- **What you need to do**: For this exercise, copy exactly every line from the one holding "عرض الشيخ حمود" through the end of the data, both included. Omit pictures.

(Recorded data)
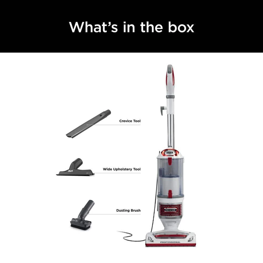 The Shark Rotator Professional Lift-Away features two vacuums in one. This powerful upright is also a portable Lift-Away that makes vacuuming quick and easy on both carpets and bare floors. You’ll find this vacuum completely versatile. It’s armed with swivel steering to maneuver around furniture, features a power nozzle with LED headlights, and includes a brush roll on/off to provide superior performance. The Rotator also features Anti-Allergen Complete Seal Technology + HEPA filtration to trap 99.9%* of dust and allergens inside the vacuum. Combined with two foam filters, this dust containment system helps keep allergy-causing agents from releasing back into the air. Additional accessories include a pet power brush, crevice tool, straight suction nozzle and a wide pet upholstery tool. An extra-long 30 foot long power cord allows you to clean larges spaces easily. It is even exceptionally quiet, so you won’t disrupt your household either! Based on ASTM F1977 of particles between 0.3 and 0.5 microns.
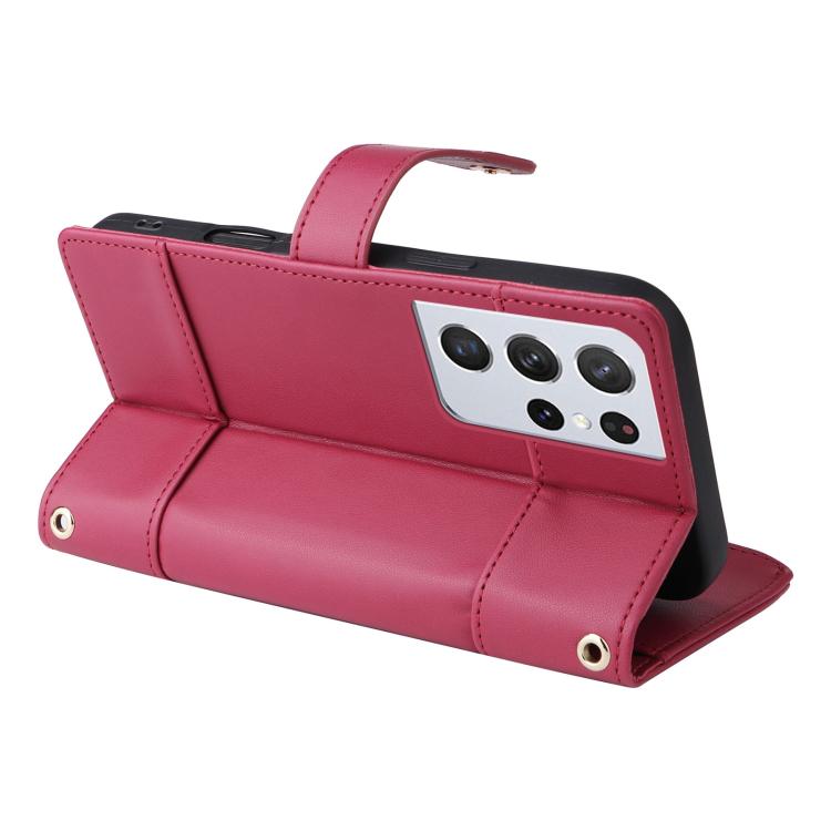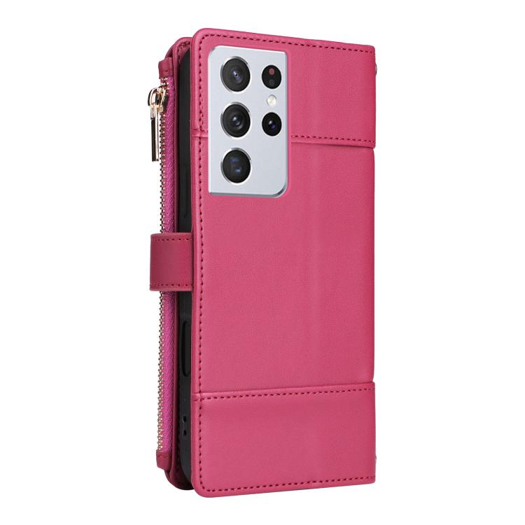 Funda de cuero con cremallera y bloqueo RFID para Samsung Galaxy S21 Ultra 5G (roja)
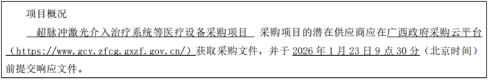 项目名称:超脉冲激光介入治疗系统等医疗设备采购项目
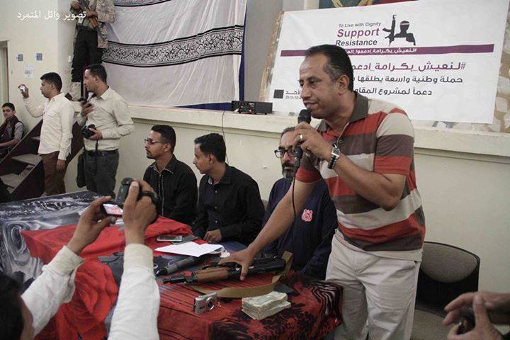 عرض الشيخ حمود المخلافي قائد المقاومة الشعبية في تعز سلاحه الشخصي "الكلاشنكوف، اليوم الأحد، في مزاد علني، دعما للمقاومة.
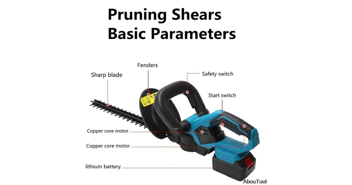 Foarfeca pentru gradina, electrica, pentru gardul viu, cu acumulator inclus, folosire fara fir, autonomie 3-4 ore, zgomot redus si utilizare usoara, negru/albastru
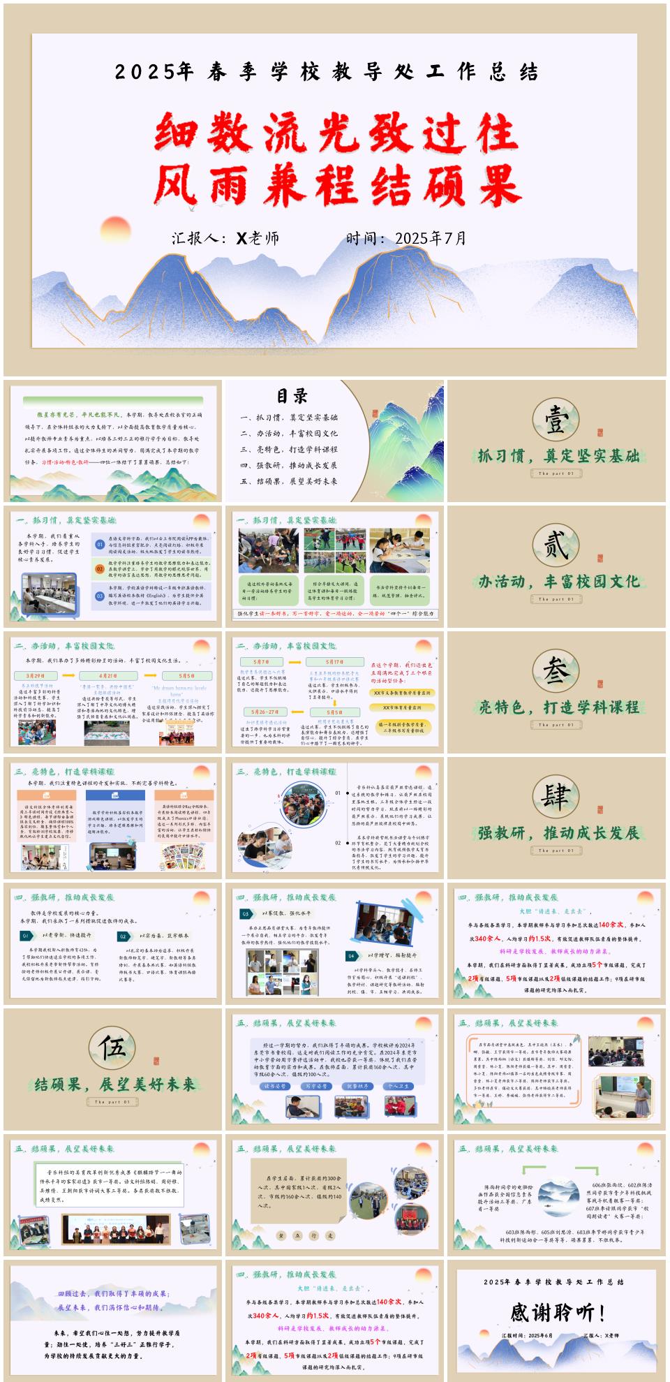 小学春季下学期期末学校教导处工作总结《细数流光致过往,风雨兼程结硕果》PPT(含发言稿)
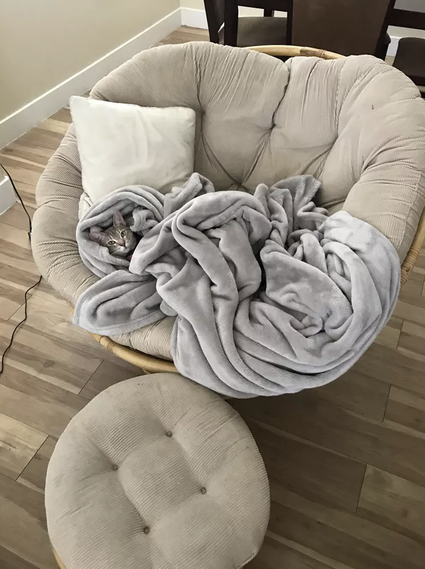 天氣冷颼颼的時候,貓咪最愛鑽進毯子裡取暖。這是天冷的時候才能看到的限定風景,主人們一定要把握時機,好好欣賞這療癒的畫面!
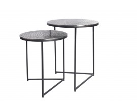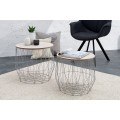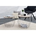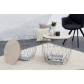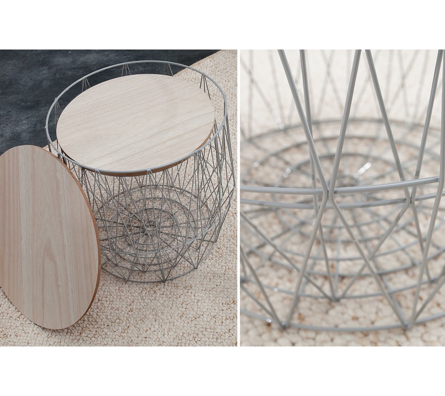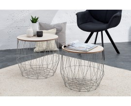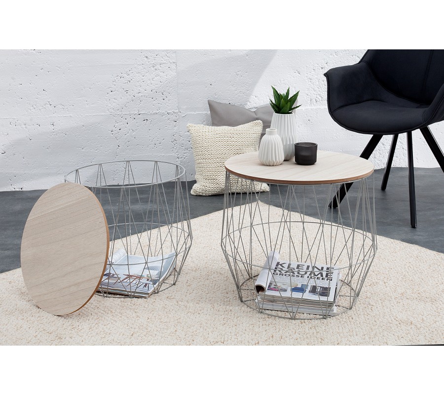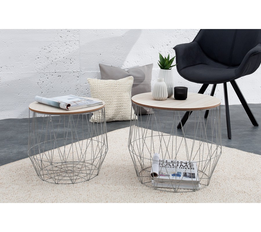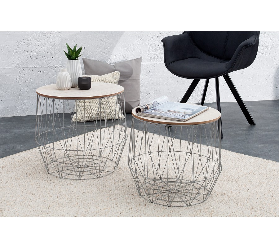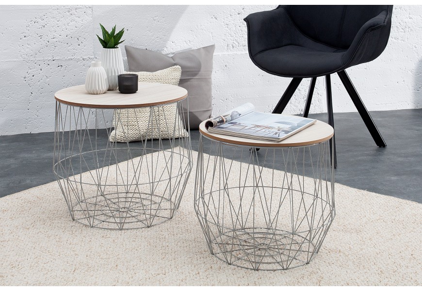 Sada dvoch dizajnových odkladacích stolíkov poteší každého nadšenca obľúbeného, škandinávskeho štýlu. Dominantou stolíkov sú štýlové, kovové podstavce v striebornej farbe. Tie vkusne dopĺňajú jednoduché vrchné dosky v svetlom, prírodnom odtieni, ktoré možno od stolíka oddeliť a využiť tak vnútro podstavcov ako praktický odkladací priestor pre vaše drobnosti. Stolíky vkusne dotvoria vašu obývačku či spálňu a vďaka svojej jemnej farebnosti zapadnú či už do farebne neutrálnych moderných interiérov, ale taktiež aj do miestností s výraznejšími doplnkami a farebnými stenami. Materiál: kov, MDF, dubová dyha. Priemer vrchných dosiek 50 a 40cm.

- **Response area**:
 عرض الشيخ حمود المخلافي قائد المقاومة الشعبية في تعز سلاحه الشخصي "الكلاشنكوف، اليوم الأحد، في مزاد علني، دعما للمقاومة.
 Foarfeca pentru gradina, electrica, pentru gardul viu, cu acumulator inclus, folosire fara fir, autonomie 3-4 ore, zgomot redus si utilizare usoara, negru/albastru
 小学春季下学期期末学校教导处工作总结《细数流光致过往,风雨兼程结硕果》PPT(含发言稿)
 天氣冷颼颼的時候,貓咪最愛鑽進毯子裡取暖。這是天冷的時候才能看到的限定風景,主人們一定要把握時機,好好欣賞這療癒的畫面!
 Sada dvoch dizajnových odkladacích stolíkov poteší každého nadšenca obľúbeného, škandinávskeho štýlu. Dominantou stolíkov sú štýlové, kovové podstavce v striebornej farbe. Tie vkusne dopĺňajú jednoduché vrchné dosky v svetlom, prírodnom odtieni, ktoré možno od stolíka oddeliť a využiť tak vnútro podstavcov ako praktický odkladací priestor pre vaše drobnosti. Stolíky vkusne dotvoria vašu obývačku či spálňu a vďaka svojej jemnej farebnosti zapadnú či už do farebne neutrálnych moderných interiérov, ale taktiež aj do miestností s výraznejšími doplnkami a farebnými stenami. Materiál: kov, MDF, dubová dyha. Priemer vrchných dosiek 50 a 40cm.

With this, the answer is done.